● **Exercise goal**
Only the lines from the start of the data to the line containing "Слайд 8Тема поисков", both included, should be output, exactly and without pictures.

━━━

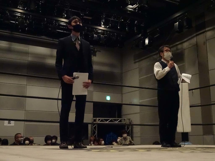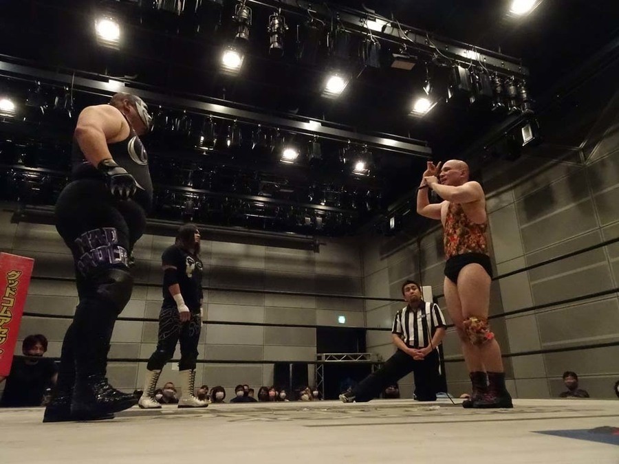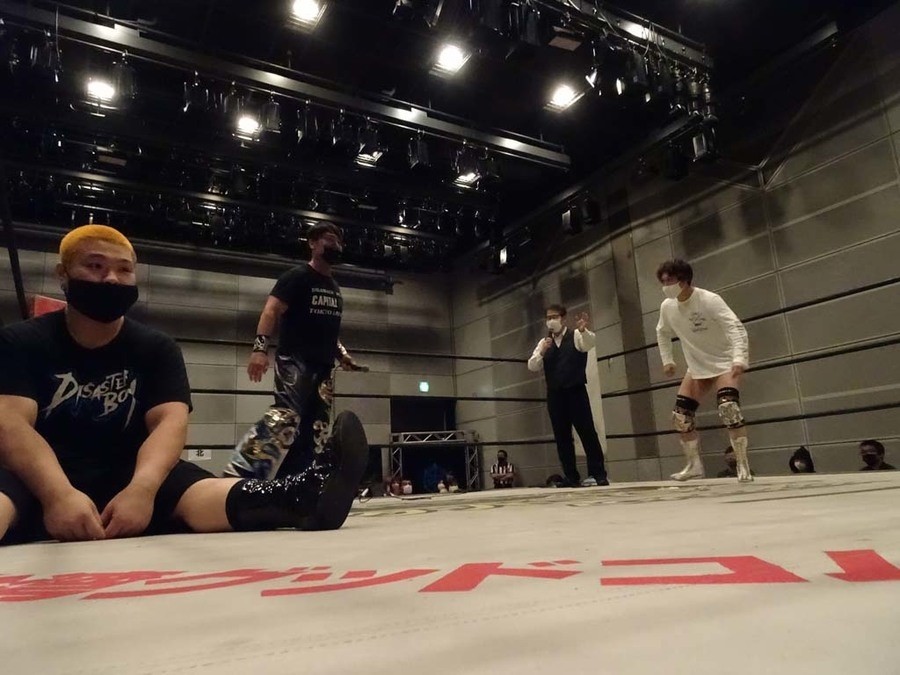 1年半ぶりとなる広島大会、昼夜大会の昼の部。今林GMと小菅リングアナがリングに登場し観戦に当たっての諸注意をアナウンス。そして本日メインでThe 37KAMIINAと6人タッグで対戦するDISASTER BOXが登場。メインでの勝利を誓い、3人によるオープニングコールで広島大会が幕を開けた。
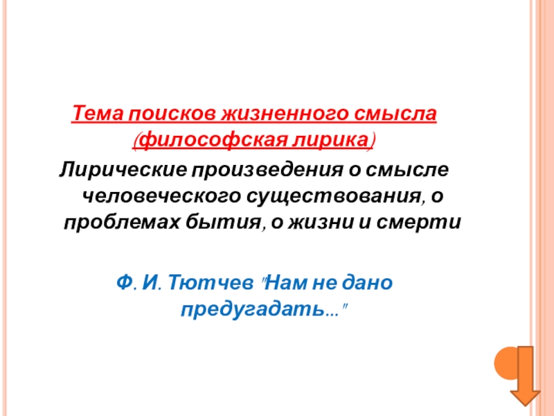 Слайд 8Тема поисков жизненного смысла (философская лирика)
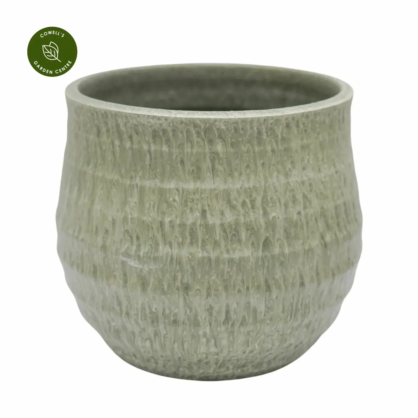 Add a soft, natural touch to your home with this olive green ceramic pot, finished with a subtle honeycomb texture. Its rounded shape and muted glaze make it an easy fit for shelves, windowsills or plant displays, complementing a wide range of houseplants.
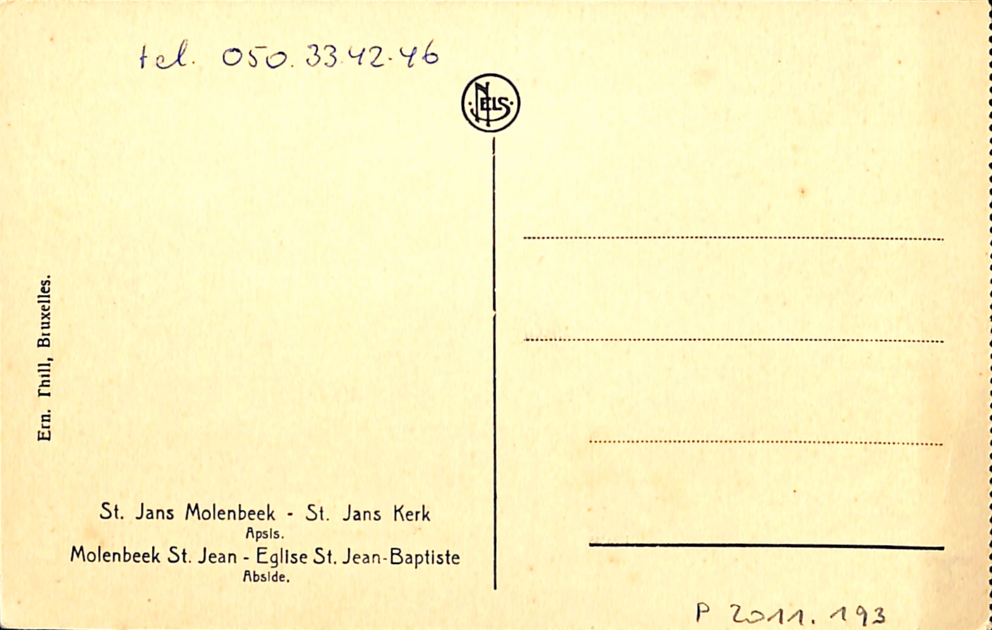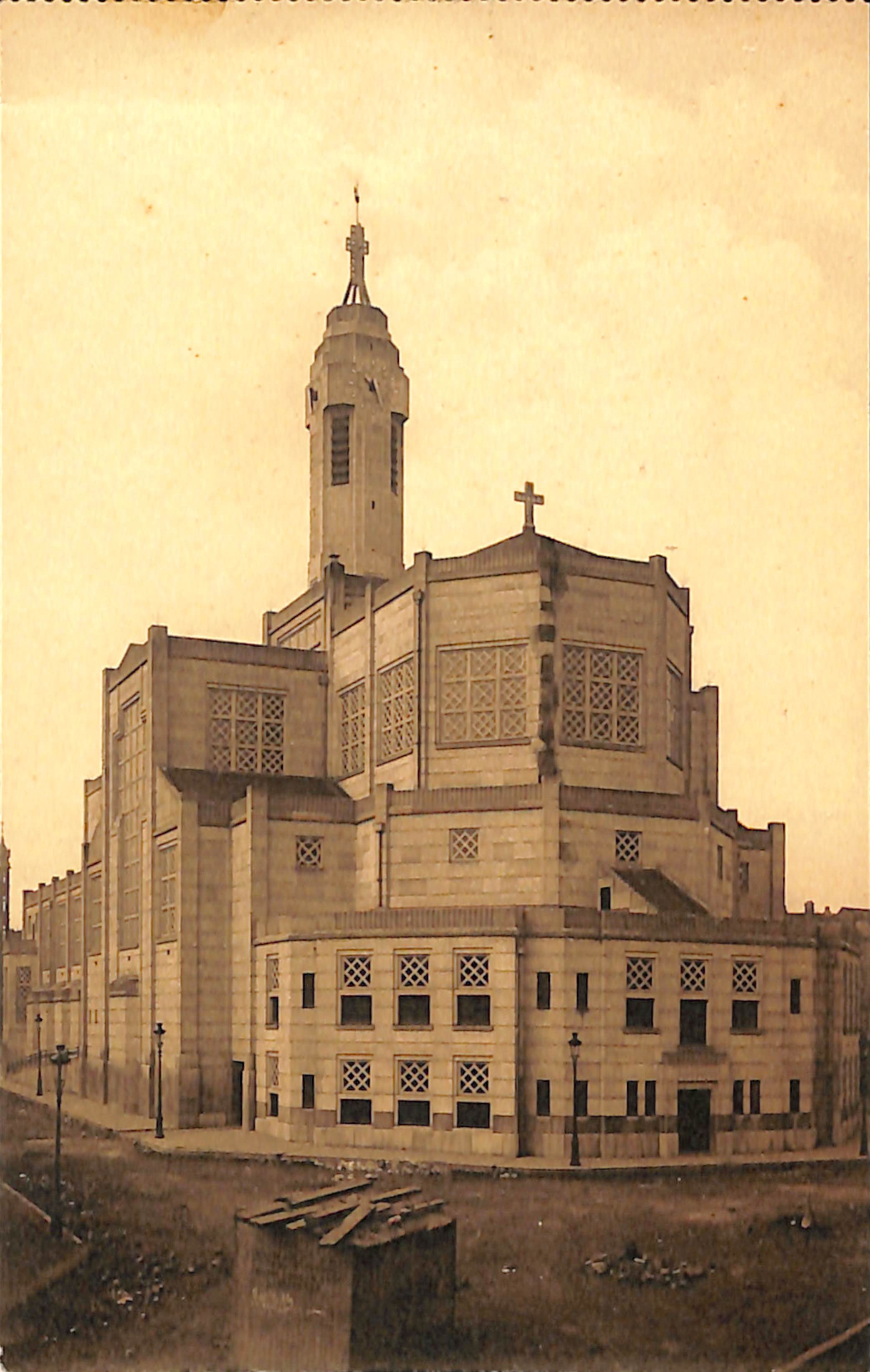 Prentkaart Sint-Jan-de-Doperkerk in aanbouw (Sint-Jans-Molenbeek), zijgevel en apsis, uitg. Ern. Thill - Nels (Brussel), s.d. [rond 1931-1932].
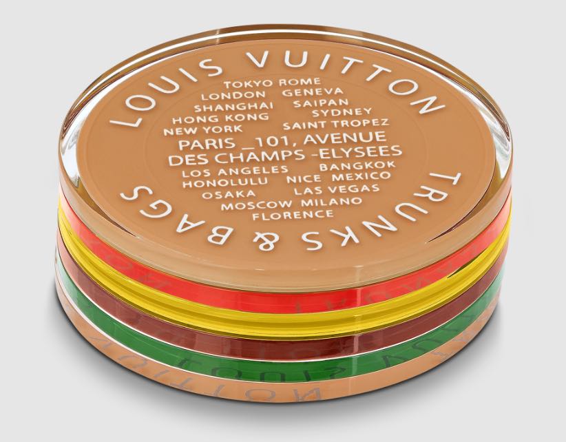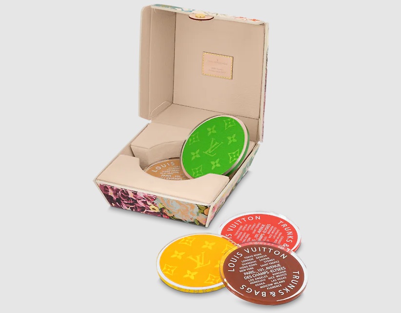 Display the food-centered favorite on your leather ottoman or game table, and it will soon become one of your most-loved conversation pieces. Guests will discover the world’s most prestigious LV brick-and-mortar destinations etched across the center of each coaster in the set.
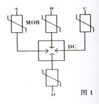 ZDB過(guò)壓保護(hù)器原理圖見(jiàn)圖1,圖中MOR為氧化鋅閥片,DC為單間隙體。由于本產(chǎn)品采用硅橡膠復(fù)合外套整體模壓一次成形,引出線采用硅橡膠高壓電纜,故安裝時(shí),無(wú)需考慮相間距離和對(duì)地距離,只需將標(biāo)有單元的電纜接地外,其余三個(gè)分別任意接A,B,C三相即可。
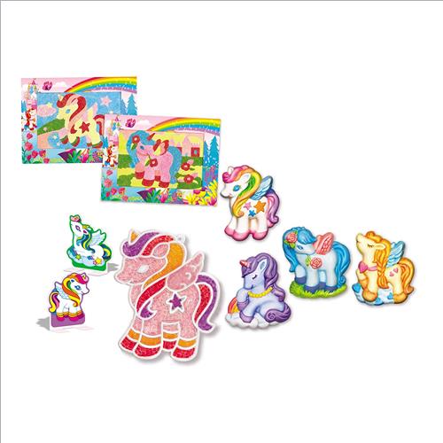 Realizza 6 calamite da frigo unicorno, 2 glitter sand art e una sagoma trasperente di cristallo.
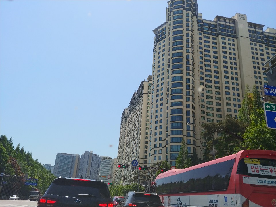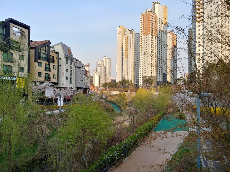 서울 근처 도시의 고급 주택 지역 입니다. 우측에 있는 아파트는 주상복합건물이며 이런 주상복합 건물은 1~3층에 상점이 있습니다. (소형병원, 사무실, 편의점, 식당, 학원, 약국이 주로 있으며 규모에 따라 카페, 대형마트도 입점합니다.)
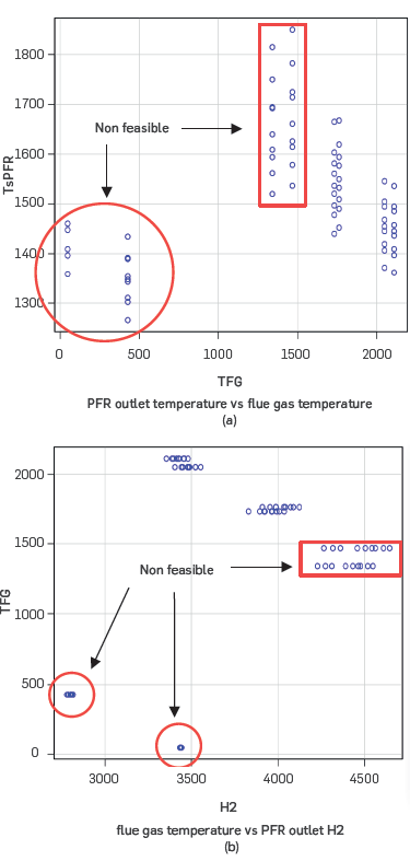 In sum, the analysis of the operational surface with the feasible cases suggests that H2 generation is influenced by the heat flow coming from the conversion reactor. Also, the feasible cases suggest a competition between the reforming reactions (1 and 2). In operation, a rise in flue gas temperature with excess air Leads to a decrease in heat flow to the PFR, with an increase in H2 generation by favoring reaction 1. The favoring of reaction 1 means an increase in the synthesis gas outlet temperature (TsPFR) due to the Lower energy requirement (165 kJ/mol). When reaction 2 is favored, the TsPFR decreases due to the higher energy requirement (206 kJ/mol).

━━━

● **Reply**
 1年半ぶりとなる広島大会、昼夜大会の昼の部。今林GMと小菅リングアナがリングに登場し観戦に当たっての諸注意をアナウンス。そして本日メインでThe 37KAMIINAと6人タッグで対戦するDISASTER BOXが登場。メインでの勝利を誓い、3人によるオープニングコールで広島大会が幕を開けた。
 Слайд 8Тема поисков жизненного смысла (философская лирика)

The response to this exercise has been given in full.